IEEE Publication : https://ieeexplore.ieee.org/document/10295200
Two pre-trained models, namely VGG-19 and Inception-ResNet V2 were modified to classify a Brain MRI Image as Tumor or Non Tumor.
The following dataset was collected from Kaggle: Click Here
The dataset consists of 98 images of negative class and 155 images of positive class. These images were augmented using Keras Image Data Generator. The augmented data consists of 848 images of negative class and 883 images of positive class. These were further divided into training, testing and validation as 80%, 10% and 10% respectively.
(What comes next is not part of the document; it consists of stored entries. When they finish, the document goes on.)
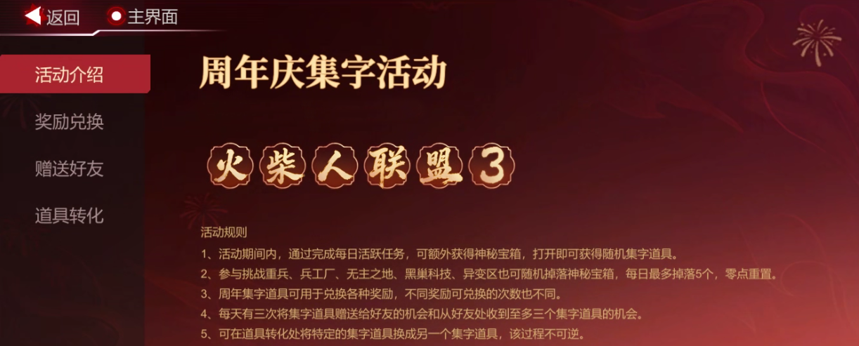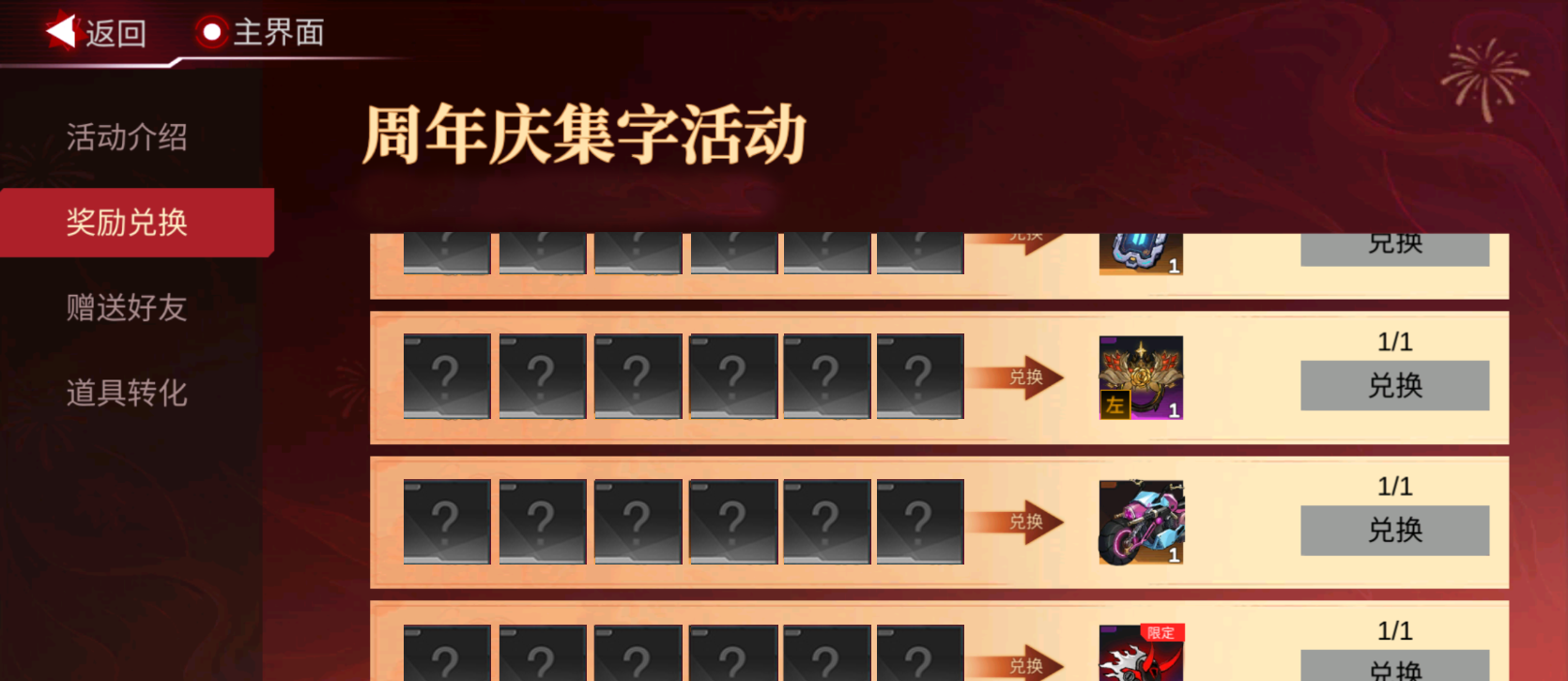 活动期间通过参与各个副本,可随机掉落神秘宝箱,宝箱可开出限定道具,使用限定道具可以进行兑换奖励,可兑换周年纪念戒指、周年紫色时装、周年限定载具和其他的珍贵材料。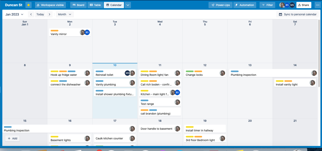 The completed tasks drop off the calendar as I close them out and archive the card. So the only thing left from last week is the vanity mirror. (I’m working with the glass guys from Mintwood to get that cut to fit).
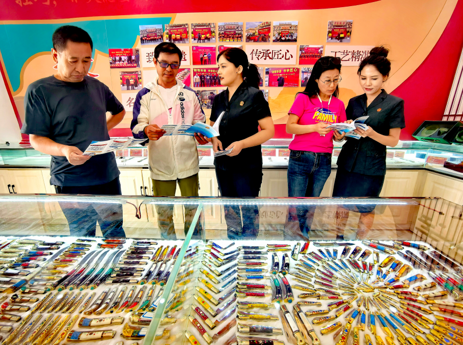 圖為9月17日下午,英吉沙縣法院“旅游景區(qū)法官工作室”工作人員在芒辛鎮(zhèn)小刀村景區(qū)向游客和商家開(kāi)展普法宣傳活動(dòng)。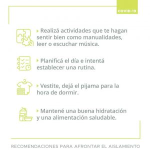 Cruz Argentina envia consejos sobre como afrontar el aislamiento. La situación de aislamiento durante varios días puede generar mucho malestar. Tené en cuenta algunas consideraciones que te pueden ayudar a disminuir la ansiedad y el estrés.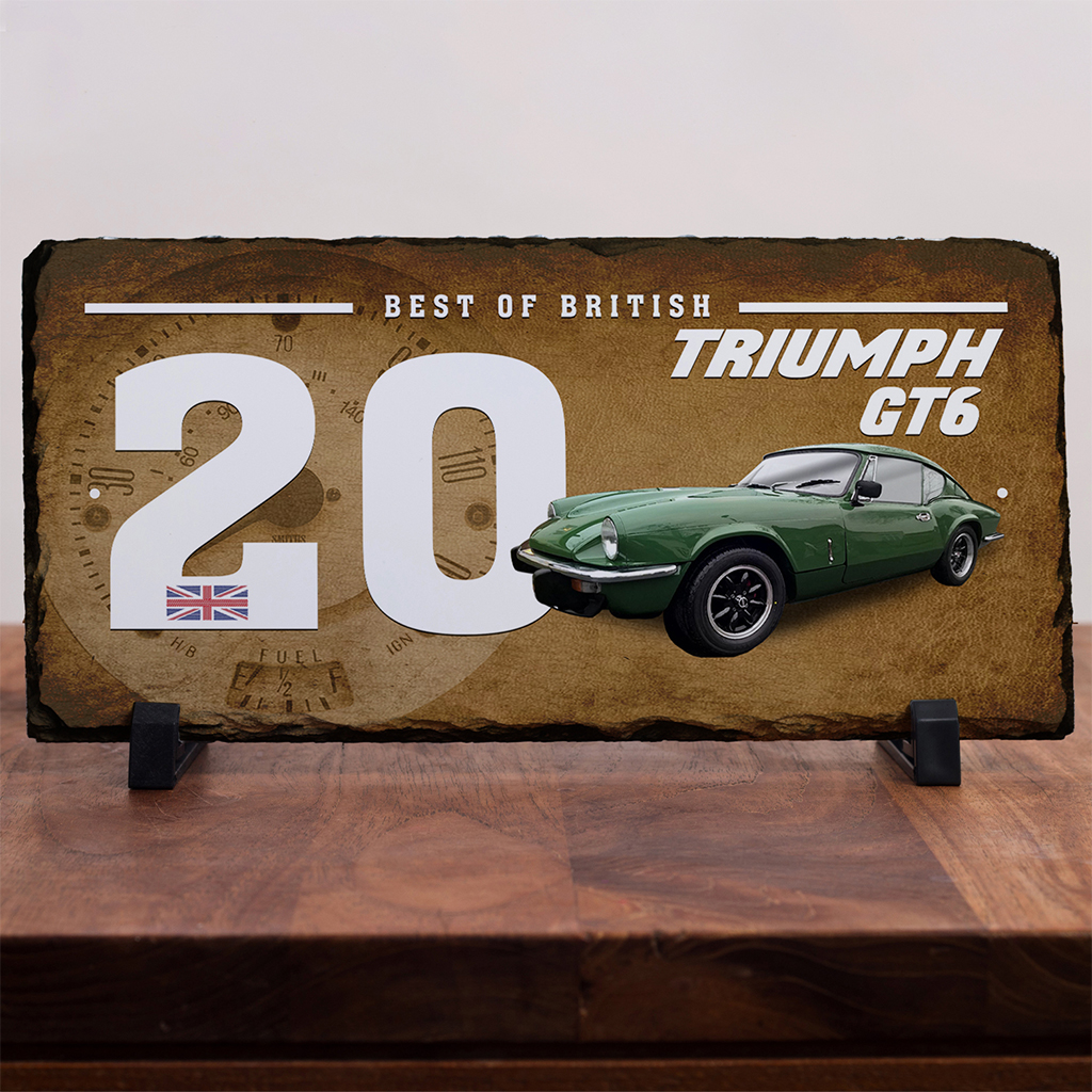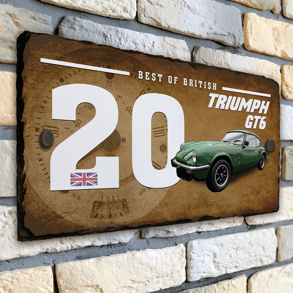 Personalised Triumph GT6 Classic Car Slate House Number Sign — the perfect retro men’s gift!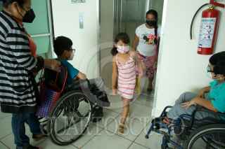TUXTLA, GUTIÉRREZ, CHIAPAS, 20OCTUBRE2021.- De Cintalapa y otros municipios cercanos, niños y niñas con comorbilidades acompañados de sus padres acudieron esta mañana a la aplicación de la vacuna contra el COVID-19, en el Hospital de Especialidades Pediátricas. En dicha institución desde el lunes pasado se aplica la vacuna Pfizer a menores de 12 a 17 años. FOTO: ISABEL MATEOS/CUARTOSCURO.COM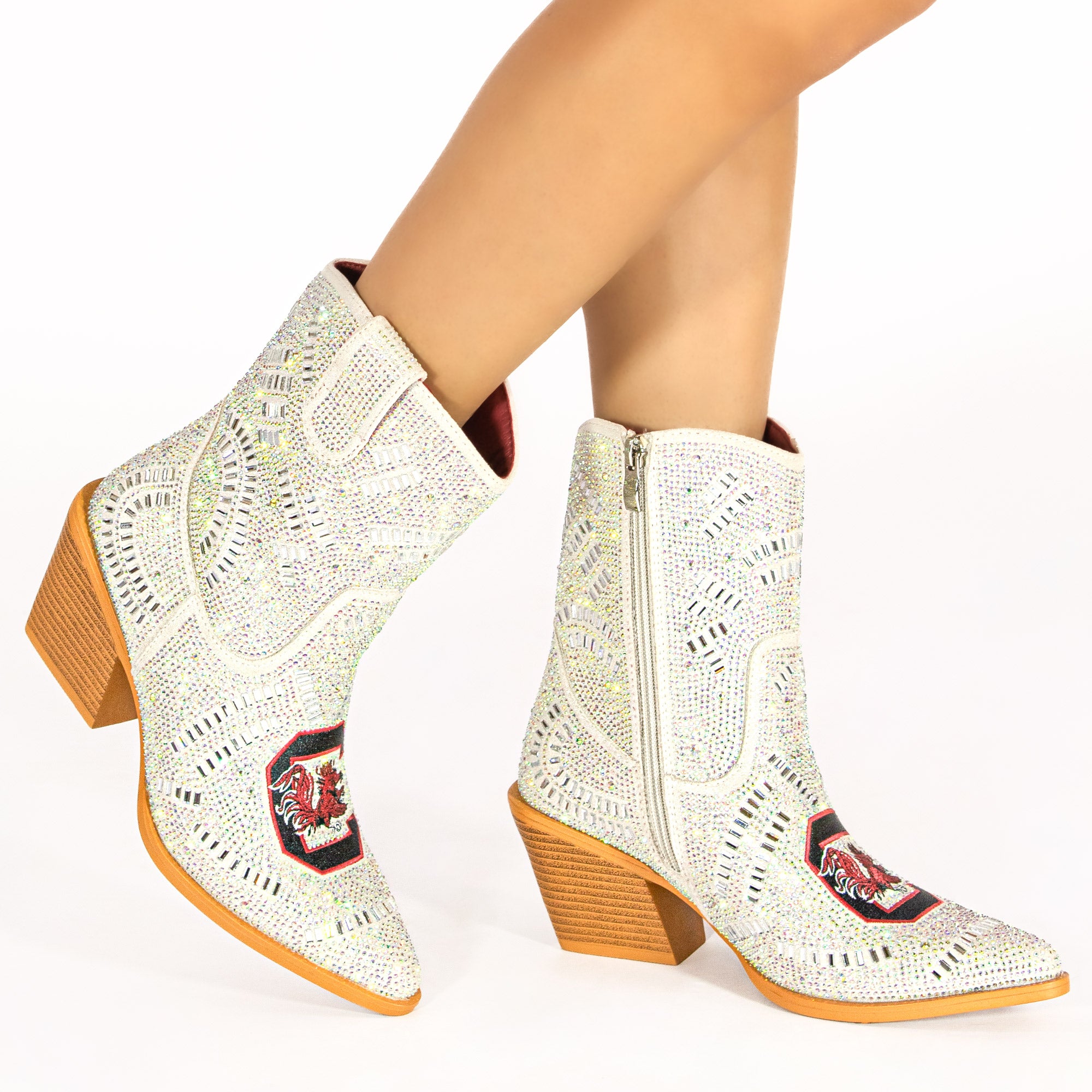 Meet the Lucy, a bold new take on western tradition. Officially licensed for The University of South Carolina. The Lucy pairs sleek bone PU leather with the South Carolina logo and playful fringe for a standout game day look. With its modern silhouette and stacked heel, this boot delivers both comfort and style for every occasion. Go Gamecocks!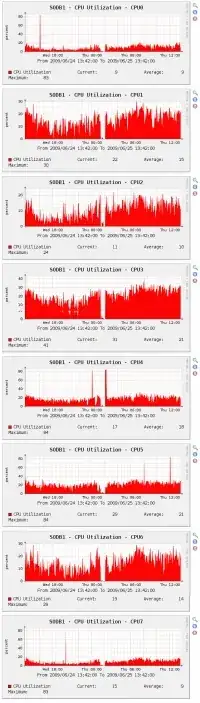 Now, this is a dedicated server, so the only thing running on it is SQL Server 2008 (and the built-in full text indexing, which we use pretty heavily), so I'm not sure why the CPU usage would be so asymmetric. Thoughts?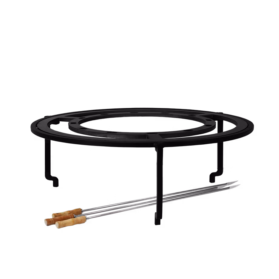 Gör om din OFYR XL eller OFYR Trailer till en brasiliansk grill med detta set som innehåller tre spett i ett cirkulärt ställ av stål. Spetten har trähandtag för enkel hantering och möjliggör långsam tillagning av kött direkt över elden.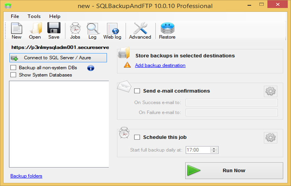 SQLBackupAndFTP aim is simple, it lets you to backup database SQL with various options. You can save your SQL database in Zip format with encryption on a remote FTP location. To get started download the program from the official website and install it. After opening the program, it starts with a simple box with login options. In order to login into the server, you need to enter your server name using Windows Authentication or SQL server authentication.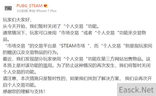 5月3日晚间,《绝地求生》官方微博宣布将暂时关闭“个人交易”功能。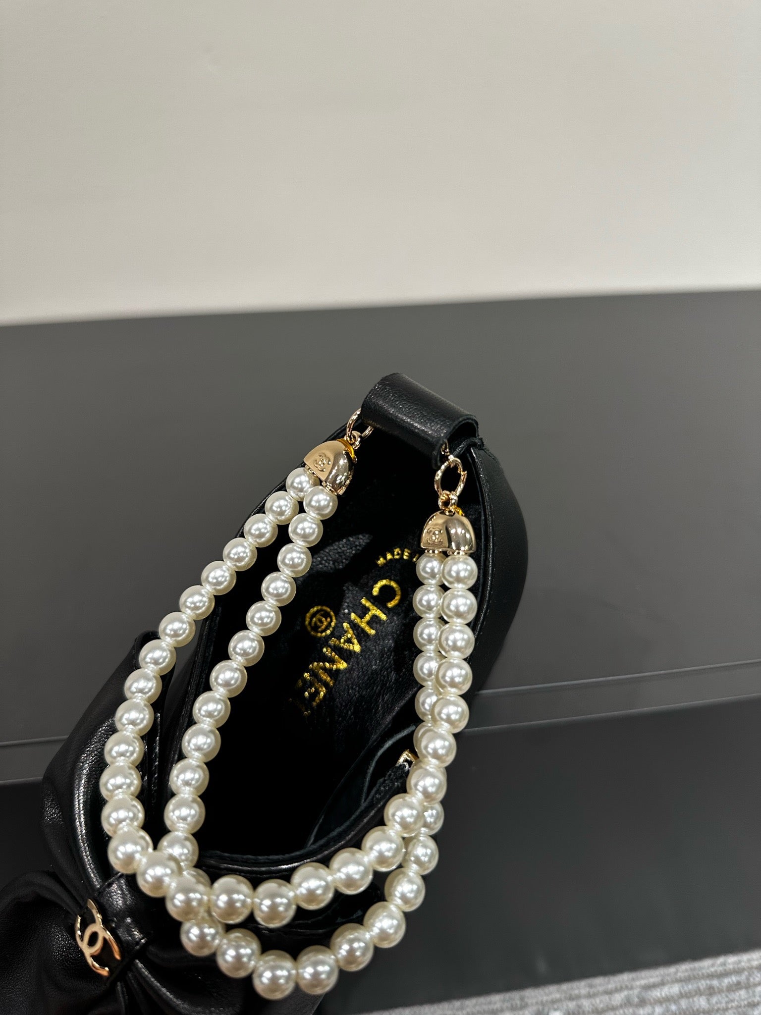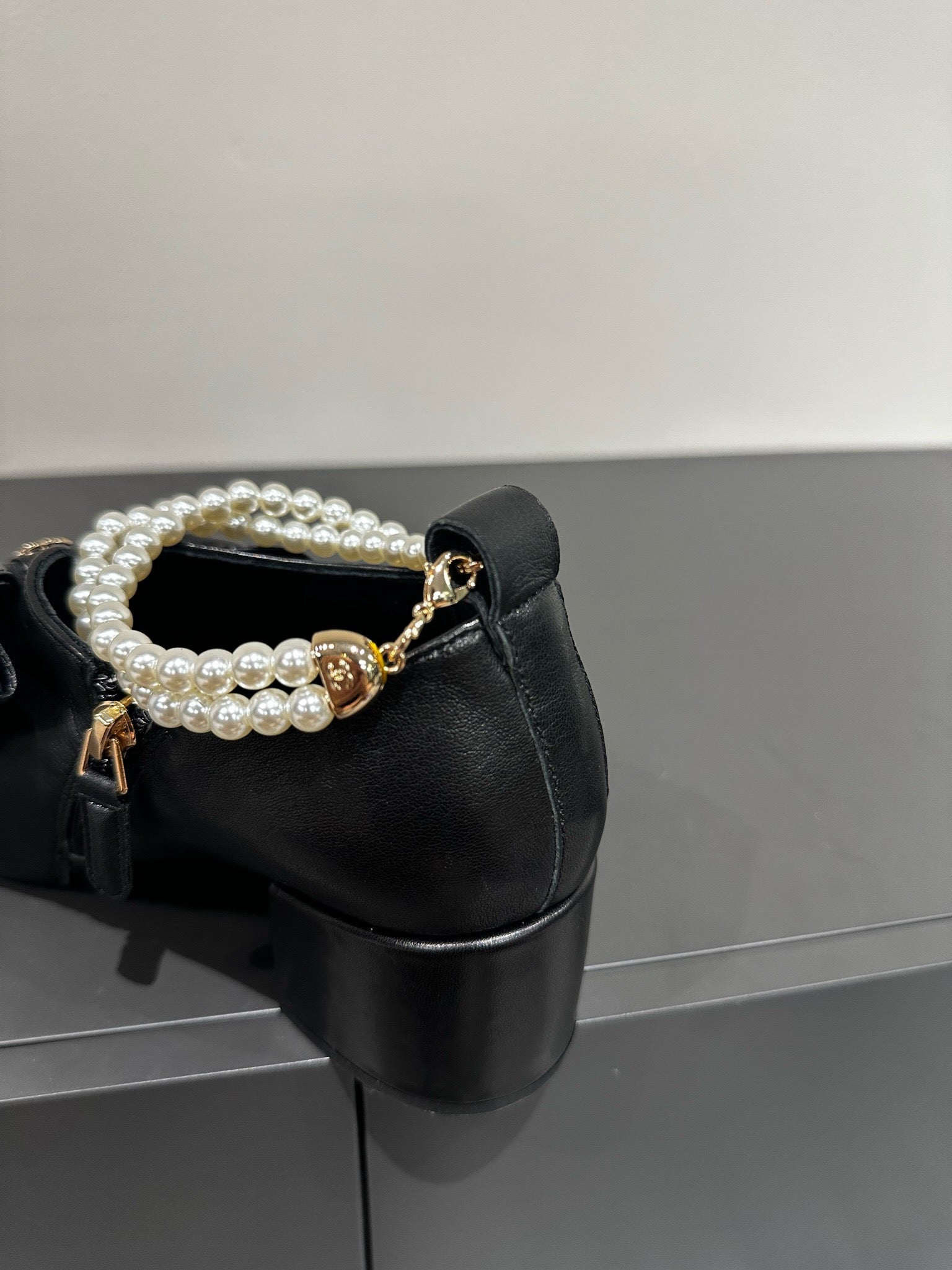 CC Mary Jane Black Studded With Pearls Lambskin And Cowhide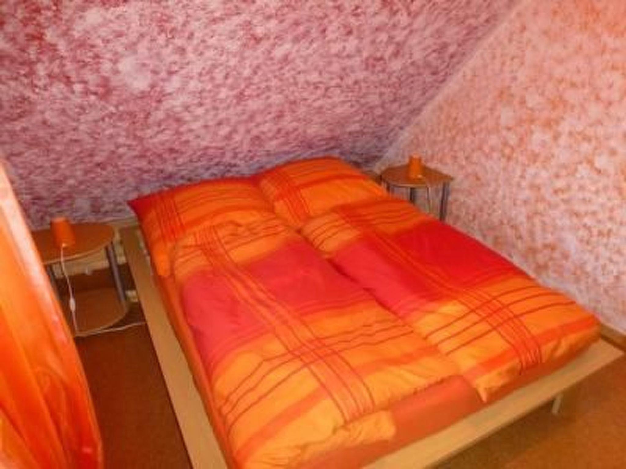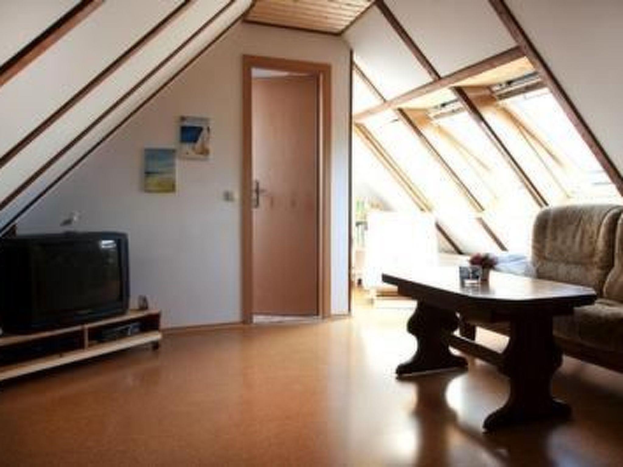 Hier befindet sich das Schlafzimmer mit einem Doppelbett und 2 Einzelbetten. Das Schlafzimmer sowie die Küche sind mit Insektenschutzrollos ausgestattet. Der rustikal eingerichtete Wohnbereich im Dachgeschoss, bietet bequeme Sitzgelegenheiten zum Plaudern. Eine Spiel- und Kuschelecke unterm Gaubendach wird von kleineren Kindern sofort entdeckt. Das Treppenauge ist mit einer Brüstung und einem Steckschott gesichert, so dass selbst Krabbelkinder unbehelligt spielen können. Sat/TV- Gerät, DVD Player sowie ein Radio gehören ebenso zur Ausstattung wie Gesellschaftsspiele, Kinderspielsachen und einige Kinderbücher. Drei große Dachfenster (mit außen liegenden Hitzeschutzrollos) verleihen Ihrem Urlaubsdomizil einen hellen freundlichen Charakter. Das Bad mit Dusche und WC ist der dritte Raum unterm Dach und wurde 2011 neu installiert. Außer dem Bad ist die gesamte Ferienwohnung mit Kork- bzw. Laminatparkett ausgelegt, alle Räume sind beheizbar, so dass auch in der Nebensaison für angenehme Wärme gesorgt ist.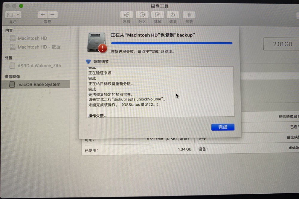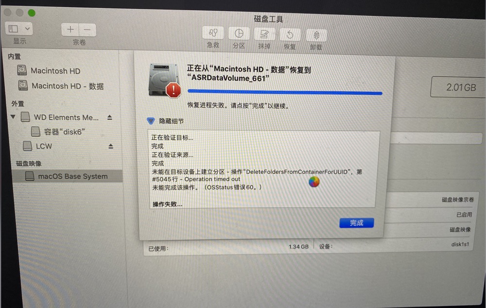 尝试过直接擦除卷宗(擦除失败)、直接删除APFS卷宗(删除失败)、擦除容器等,均以失败告终,如下图所示:

Accuracy achieved on Training Data : 99.71%
Accuracy achieved on Validation Data : 97.67%
Accuracy achieved on Testing Data : 94.86%
Accuracy achieved on Training Data : 99.28%
Accuracy achieved on Validation Data : 94.86%
Accuracy achieved on Testing Data : 97.09%
The code was executed on jupyter notebook with python 3.9.13
To install all the dependancies, run the following shell command :
pip install -r requirements.txt
To run the code of data augmentation, execute the cells in data_augmentation.ipynb
file.
To run the code to train the models, execute the cells in model_training.ipynb
file.
Inception ResNet V2 Model could not be uploaded due to high filesize.